Stargazer produziert sehr schöne Latex-Tische für lm (und andere) Objekte. Angenommen, ich habe ein Modell mit maximaler Wahrscheinlichkeit angepasst. Ich möchte, dass Stargazer eine lm-ähnliche Tabelle für meine Schätzungen erstellt. Wie kann ich das machen?
Obwohl es ein bisschen hackig ist, könnte eine Möglichkeit darin bestehen, ein "falsches" lm-Objekt zu erstellen, das meine Schätzungen enthält.

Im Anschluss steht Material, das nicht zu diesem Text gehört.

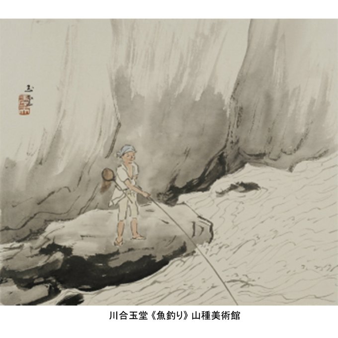 網を持ち、釣りをする少年の姿は長良川のほとりで育った玉堂自身の姿にも重なるかのよう。
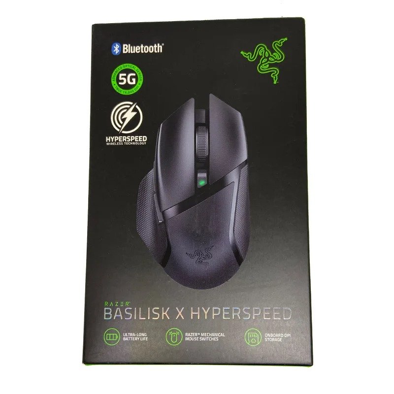 he Razer Basilisk X Hyperspeed isa wireless gaming mouse offering both Razer™ HyperSpeed Wireless and Bluetooth connectivity for versatile use. It features a 16,000 DPI 5G Advanced Optical Sensor, Razer™ Mechanical Mouse Switches, and up to 285 hours of performance in HyperSpeed Wireless or 450 hours in Bluetooth mode. The mouse also includes 6 programmable buttons, allowing for customization through Razer Synapse software, and offers an ergonomic right-handed design.
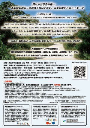成城大学にて、国立国語研究所主催 方言版異言語脱出ゲーム「紡がれるもの ~おじぃとおばぁと僕の物語~」を開催します。
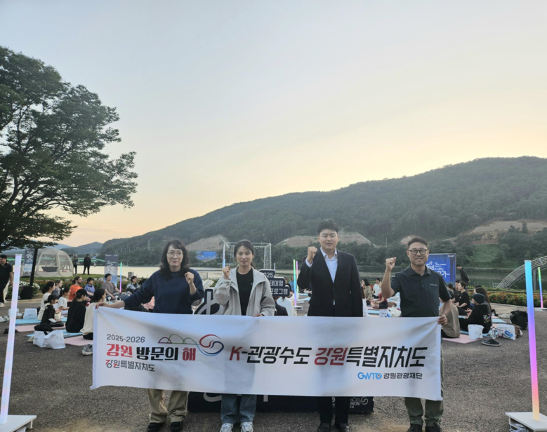 [강원도 세계타임즈=김민석 기자] 강원관광재단(대표이사 최성현, 이하 재단)은 9월 27일(토) 화천군 거례리 사랑나무에서 개최한 ‘별빛이 내리는 요가’ 행사를 약 60명의 참가자가 함께하며 성공적으로 마무리했다. 이번 행사는 소규모로 진행돼 참가자들이 보다 깊이 있는 체험과 교감을 나눌 수 있었다.

Ich denke, dies würde funktionieren, solange die Zusammenfassung (my.fake.lm.object) funktioniert. Ist das leicht machbar?
Ein Beispiel:
library(stargazer)
N <- 200
df <- data.frame(x=runif(N, 0, 50))
df$y <- 10 + 2 * df$x + 4 * rt(N, 4) # True params
plot(df$x, df$y)
model1 <- lm(y ~ x, data=df)
stargazer(model1, title="A Model") # I'd like to produce a similar table for the model below
ll <- function(params) {
## Log likelihood for y ~ x + student's t errors
params <- as.list(params)
return(sum(dt((df$y - params$const - params$beta*df$x) / params$scale, df=params$degrees.freedom, log=TRUE) -
log(params$scale)))
}
model2 <- optim(par=c(const=5, beta=1, scale=3, degrees.freedom=5), lower=c(-Inf, -Inf, 0.1, 0.1),
fn=ll, method="L-BFGS-B", control=list(fnscale=-1), hessian=TRUE)
model2.coefs <- data.frame(coefficient=names(model2$par), value=as.numeric(model2$par),
se=as.numeric(sqrt(diag(solve(-model2$hessian)))))
stargazer(model2.coefs, title="Another Model", summary=FALSE) # Works, but how can I mimic what stargazer does with lm objects?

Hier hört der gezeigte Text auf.